Available data: Begin

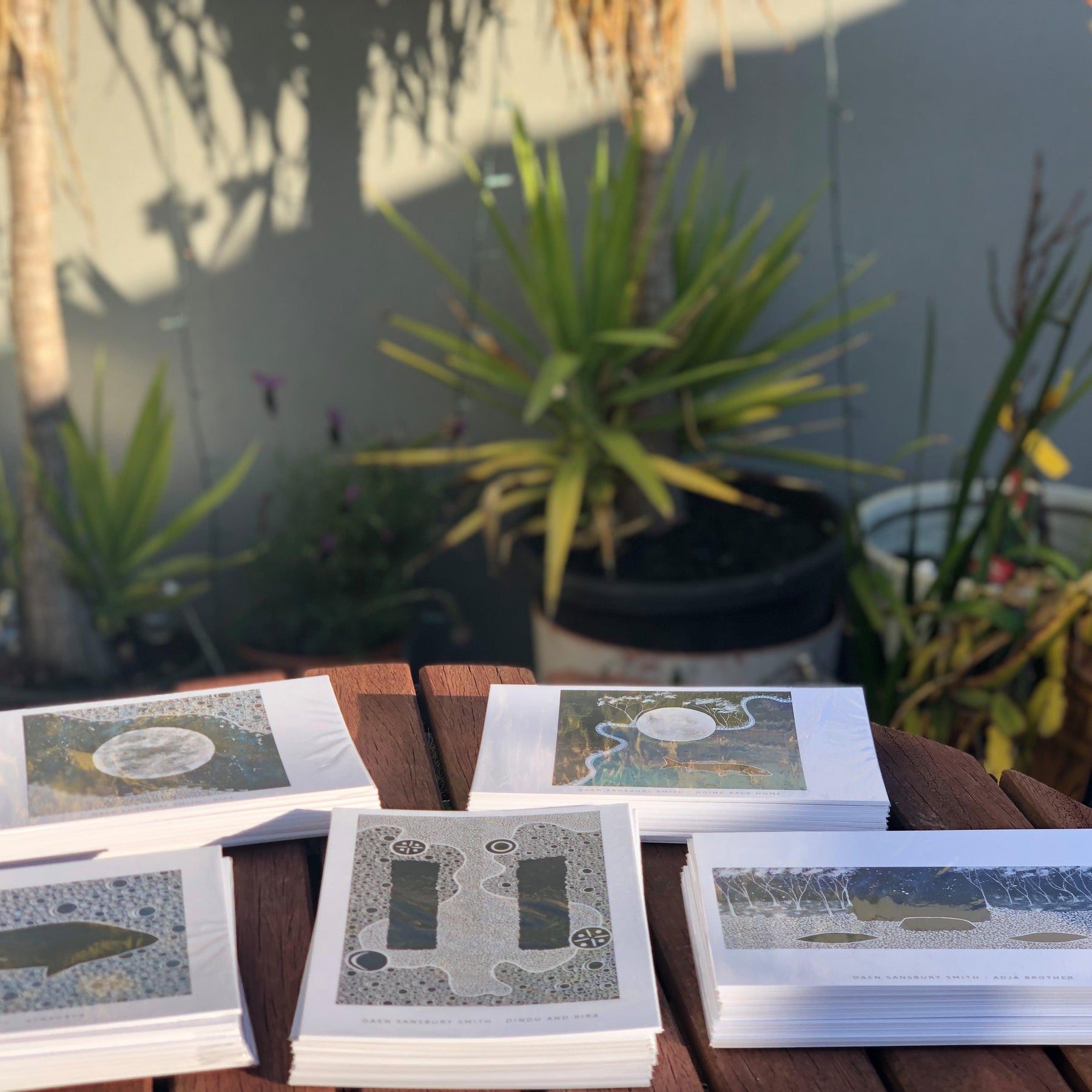 Black Crow expands on Nharangga and Trawoolwaway artist Daen Sansbury-Smith’s representation of Narungga and Palawa stories, art and culture. The exhibition explores transference of inherited knowledge, stories and responsibility from a father to his young children. Through ochre, charcoal and acrylic on canvas, Sansbury-Smith maps Ancestral memory and connection to country, sharing stories of pre and post-contact Aboriginal history and culture.
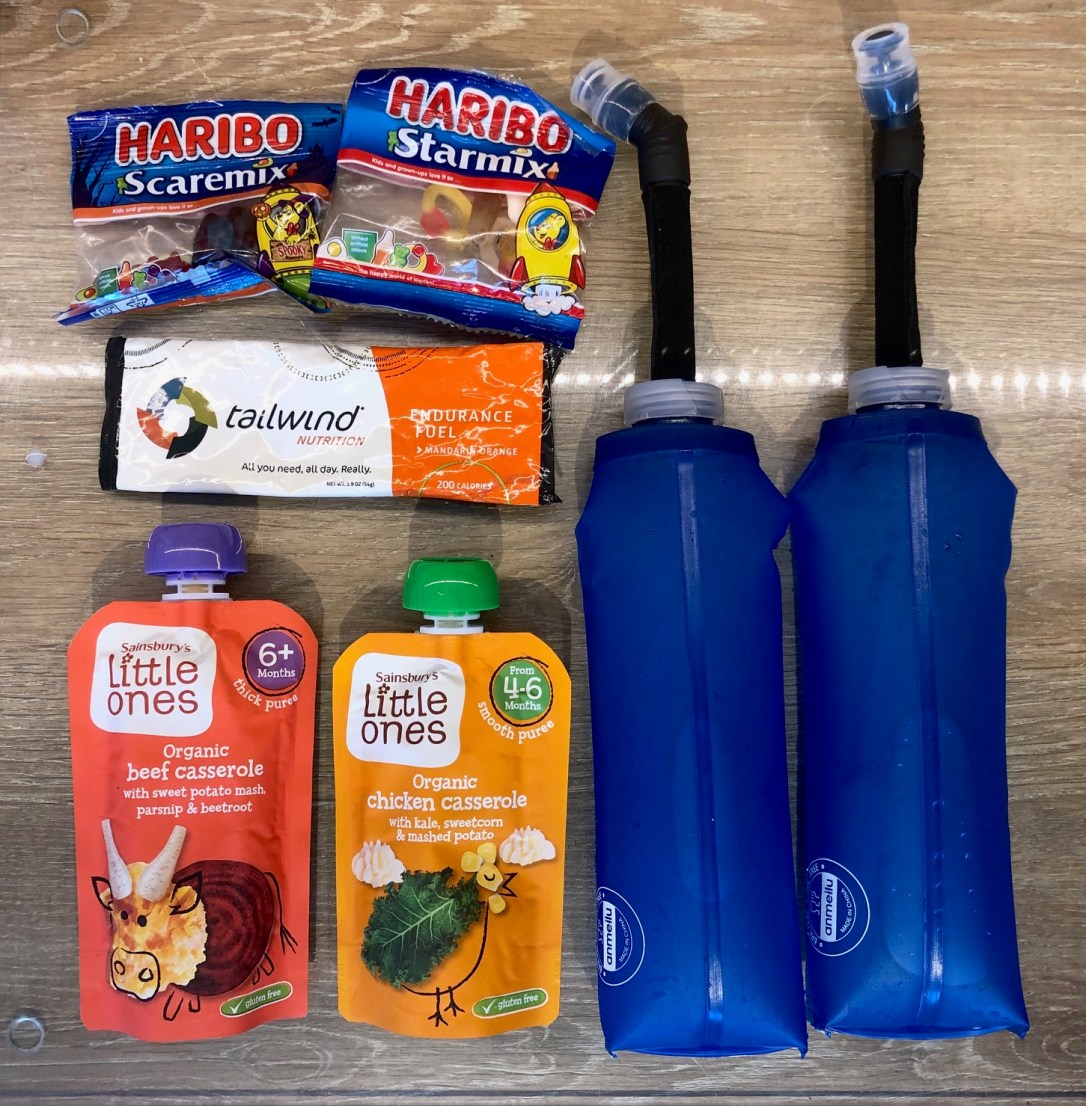 I ate well the day before the long run, and made sure I was properly hydrated; I also ate a sizeable bowl of porridge the next morning. Both collapsible water bottles were filled with the right amount of Tailwind, and two pouches of baby food as well as some Haribo were packed into the ultra vest.
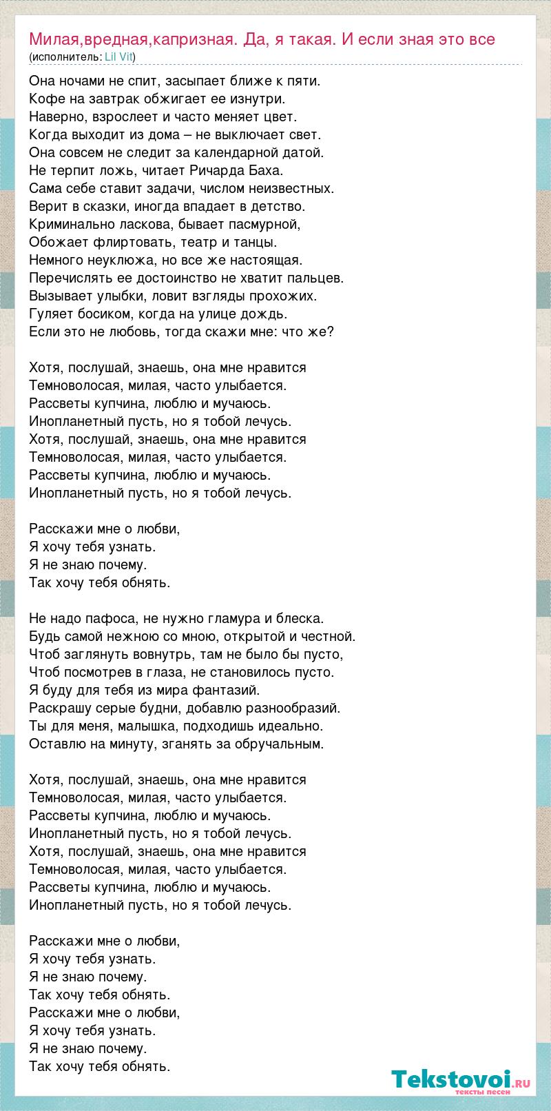Она ночами не спит, засыпает ближе к пяти. Кофе на завтрак обжигает ее изнутри. Наверно, взрослеет и часто меняет цвет. Когда выходит из дома – не выключает свет. Она совсем не следит за календарной датой. Не терпит ложь, читает Ричарда Баха. Сама себе ставит задачи, числом неизвестных. Верит в сказки, иногда впадает в детство. Криминально ласкова, бывает пасмурной, Обожает флиртовать, театр и танцы. Немного неуклюжа, но все же настоящая. Перечислять ее достоинство не хватит пальцев. Вызывает улыбки, ловит взгляды прохожих. Гуляет босиком, когда на улице дождь. Если это не любовь, тогда скажи мне: что же? Хотя, послушай, знаешь, она мне нравится Темноволосая, милая, часто улыбается. Рассветы купчина, люблю и мучаюсь. Инопланетный пусть, но я тобой лечусь. Хотя, послушай, знаешь, она мне нравится Темноволосая, милая, часто улыбается. Рассветы купчина, люблю и мучаюсь. Инопланетный пусть, но я тобой лечусь. Расскажи мне о любви, Я хочу тебя узнать. Я не знаю почему. Так хочу тебя обнять. Не надо пафоса, не нужно гламура и блеска. Будь самой нежною со мною, открытой и честной. Чтоб заглянуть вовнутрь, там не было бы пусто, Чтоб посмотрев в глаза, не становилось пусто. Я буду для тебя из мира фантазий. Раскрашу серые будни, добавлю разнообразий. Ты для меня, малышка, подходишь идеально. Оставлю на минуту, зганять за обручальным. Хотя, послушай, знаешь, она мне нравится Темноволосая, милая, часто улыбается. Рассветы купчина, люблю и мучаюсь. Инопланетный пусть, но я тобой лечусь. Хотя, послушай, знаешь, она мне нравится Темноволосая, милая, часто улыбается. Рассветы купчина, люблю и мучаюсь. Инопланетный пусть, но я тобой лечусь. Расскажи мне о любви, Я хочу тебя узнать. Я не знаю почему. Так хочу тебя обнять. Расскажи мне о любви, Я хочу тебя узнать. Я не знаю почему. Так хочу тебя обнять.

Available data: End

# About this task
Transcribe, word for word, only the material from its opening line through the line containing "I ate well the", both ends included, and omit the pictures.

# Solution for this exercise
 Black Crow expands on Nharangga and Trawoolwaway artist Daen Sansbury-Smith’s representation of Narungga and Palawa stories, art and culture. The exhibition explores transference of inherited knowledge, stories and responsibility from a father to his young children. Through ochre, charcoal and acrylic on canvas, Sansbury-Smith maps Ancestral memory and connection to country, sharing stories of pre and post-contact Aboriginal history and culture.
 I ate well the day before the long run, and made sure I was properly hydrated; I also ate a sizeable bowl of porridge the next morning. Both collapsible water bottles were filled with the right amount of Tailwind, and two pouches of baby food as well as some Haribo were packed into the ultra vest.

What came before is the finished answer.